Always remember that few psychologists spend more time just sitting and talking with people than the late Amos Tversky. I am sorry to mention his name. His achievements are as painful for me to contemplate as it is for you. But we can learn much from anecdotal reminders about our worst failures. Do your level best to get your patients to eat yogurt for lunch in their offices as they work on their email.

I hate to end on a depressing note, but this letter is beginning to be as long as if it had been written by one of our cherished workaholics.

Your affectionate uncle,



My dear Slump,

I think you are quite mistaken to cackle over the fact that your patient has fallen in love. It is true that love affords innumerable distractions and that he will be quite incapable of meaningful work during the inevitable troughs in the relationship. But on balance we have more to lose than we have to gain. Freud pointed out that the primary concerns of the therapist, the domains of life that are most important, are love and work. And no one was more aware than he of the intimate link between these. When a human’s love life is going well, work is likely to be carried out with special joy and contentment. These emotions are our deadly enemy.

You may claim that it is mere coincidence, but it is certainly the case that your patient is doing suspiciously interesting work lately. In any event, you are to put a stop to it by any means possible. I hope I make myself abundantly clear.

Your affectionate uncle,



My dear, my very dear Slump, my munchkin, my morsel,

The grim reports I have had to read today are tempered only slightly by amusement at your whimpering about whether my friendly tone and expressions of concern meant nothing from the very beginning. Oh yes, friendship and concern. We will return to those shortly.
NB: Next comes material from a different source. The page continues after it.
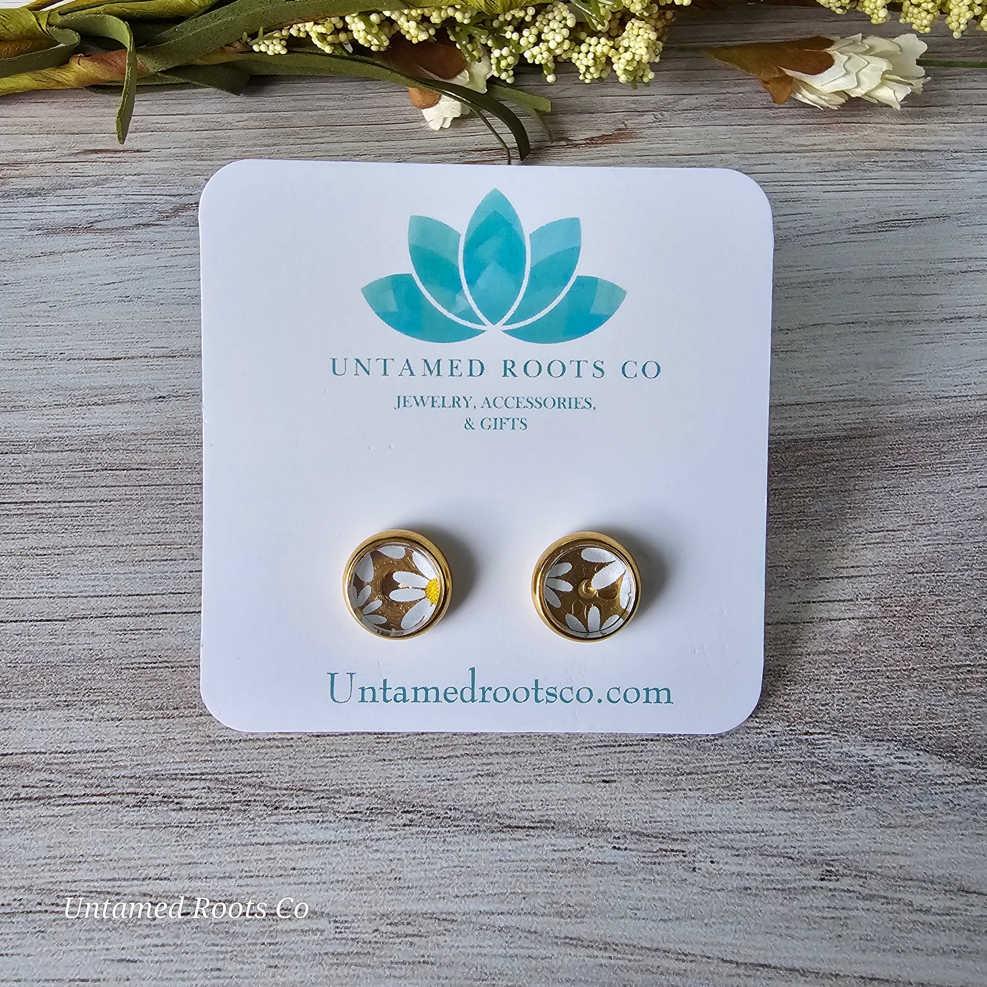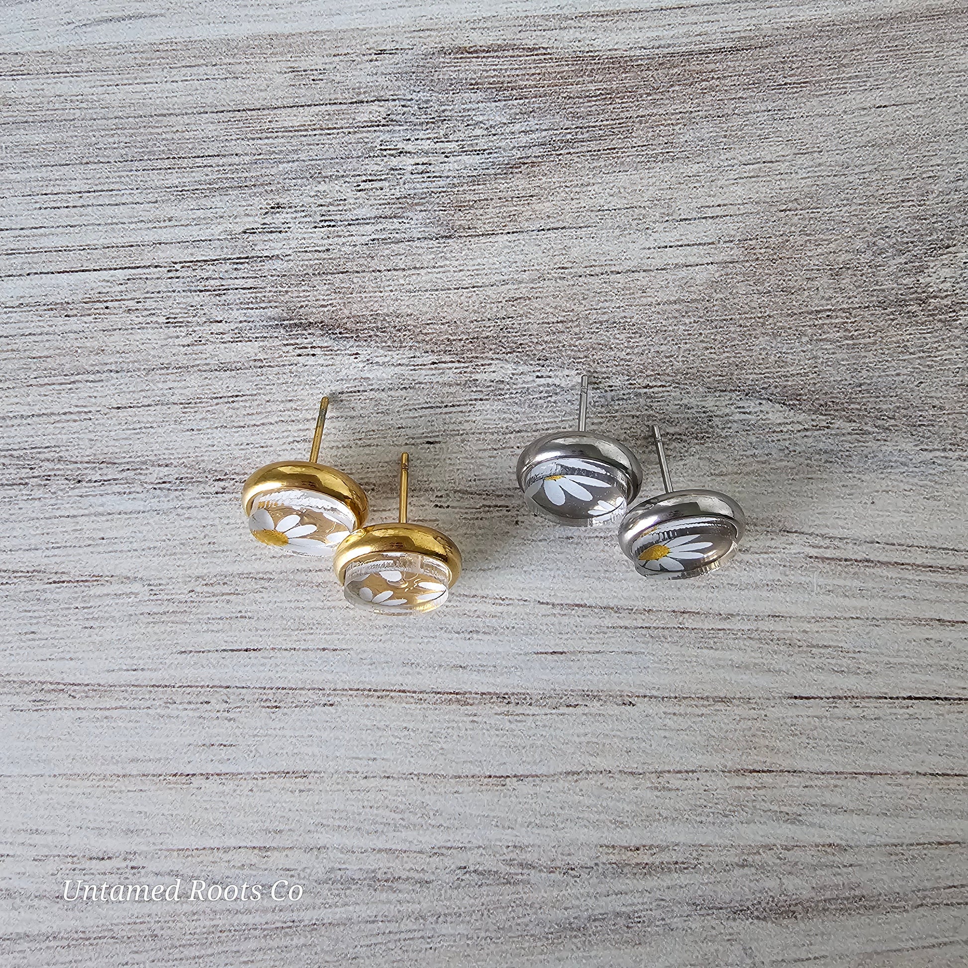 Daisy Print inside stainless steel bezel stud earrings.

But now for the contents of your report. You have let a man get launched on a series of investigations that can only end in disaster. The research is novel and important. Others will be able to make immediate use of the findings and the theory to enrich their own work. The research has obvious applications to significant social questions. His experience with this work will undoubtedly lead him to other important topics and will give him invaluable confidence to sustain him over slack periods. Almost the worst of it, he is having the time of his life. All of us down here feel the agony of the fun he is having, from the divisional secretary to the distraction agents.

We have nothing really left at our disposal for this man but a last ditch effort to convince him that he did the work only to get tenure. This has been known to turn around several careers that were particularly threatening.

But you, of course, will not be entrusted with this task. Or with any other task of its sort. My unhappiness at your failure is mitigated only by my satisfaction at contemplating your reassignment. My friendship and concern will be conveyed most convincingly, I trust, by the letter that awaits you here describing your new duties. As a hint, I shall point out that you will soon be yearning for the days of your previous career as an assistant boredom clerk.

Your affectionate, your friendly and most deeply concerned uncle,


[1] Naturally, I resent the slur on what I feel are my genuine achievements in the area of bio psychology. The comments about my performance in biology class are sheer fabrication and raise serious questions about the veridicality of all allegedly factual assertions by Snaveley. (Ed.)